Also, I am getting these giant puddles of sticky soupy creosote all over the bottom of the door opening, they are getting all over the door and even dripping out of the door.  I also get a backdraft of smoke coming out of the door damper (never happened before) and even some wisps of smoke coming out of the box on the side that holds the propane burner (it's a dual-fuel model).  

I have a feeling I am not getting nearly enough draft in this thing.  The only thing I can think of is that my chimney is so full of creosote and other crap that it simply isn't drawing enough air through the unit.  I also wonder if it would be wise to add another section of chimney (I have 8 feet - 2 sections) to get a better draft.

Any advice?  I'm planning on cleaning this thing out over the weekend, but other than a possible obstruction in the chimney, nothing has changed in this boiler since it was installed.


----------



## ihookem (Feb 18, 2015)

Do you think you might have a water leak??/ Or maybe it's just the wet wood.

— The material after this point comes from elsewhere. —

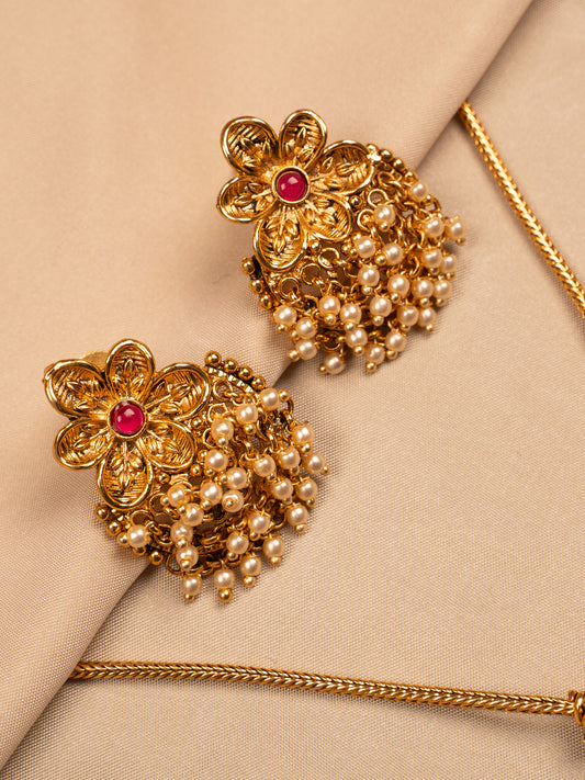 Floral Antique Gold Pendant Set with Pearl Drops

Either way, it seems like a lot of moisture.


----------



## 2diamond (Feb 18, 2015)

Do you have a access panel at the bottom of the chimney ?


----------



## Smoke Signals (Feb 18, 2015)

Hows it heating?


----------



## Armaton (Feb 18, 2015)

Is your bypass/diverter opening when you load? Shouldn't be getting that much smoke out the door if it opens and lets the flames/smoke go straight up the chimney. If it isn't opening, it probably has caused you to have alot of creasote in the chimney that can't burn off.  I also knew someone that swapped the output and return lines, and the stove acted like that, was just drawing the returned colder water back into the output and had creasote pooling in the burnchamber because the burnchamber and chimney could not get hot enough.


----------



## jebatty (Feb 19, 2015)

I understand your need to burn unseasoned wood. But as you know, burning water does not provide much heat and has lots of undesirable side effects, which appear to be the cause of most of your problems. Get way ahead on your wood for next year and following. Two summers of seasoning likely would solve your issues.


----------



## Hydronics (Feb 19, 2015)

Green wood is certainly an issue. I would check your chimney, it is likely constricted by creosote build up based on the lack of draft you describe. This would certainly compound the issues you are having. If you add more chimney it is likely to get plugged up sooner as the gasses cool and condense further as they pass through.


----------



## maple1 (Feb 19, 2015)

Green wood = you're putting 3-5 gallons of water in the firebox for every 100 pounds of wood (depending just how green it is). Plus whatever snow & ice is frozen on it. If your firebox holds 10 cu.ft., roughing in at 50lbs/cu.ft. of wood, that's 15-25 gallons of water per firebox load. You can adjust the numbers to fit the situation (I just pulled some rough ones out) - but it would still add up to trouble in more places than one, and likely all that you're seeing. Sounds like you've got big creosote buildup for starters, & flue is likely plugged up.


----------



## Jon_E (Feb 19, 2015)

Hey thanks for everyone's comments.  This is an old-school pre-EPA unit, so the only thing that is mechanical in the draft "path" is the damper on the door.  There's no smoke diverter.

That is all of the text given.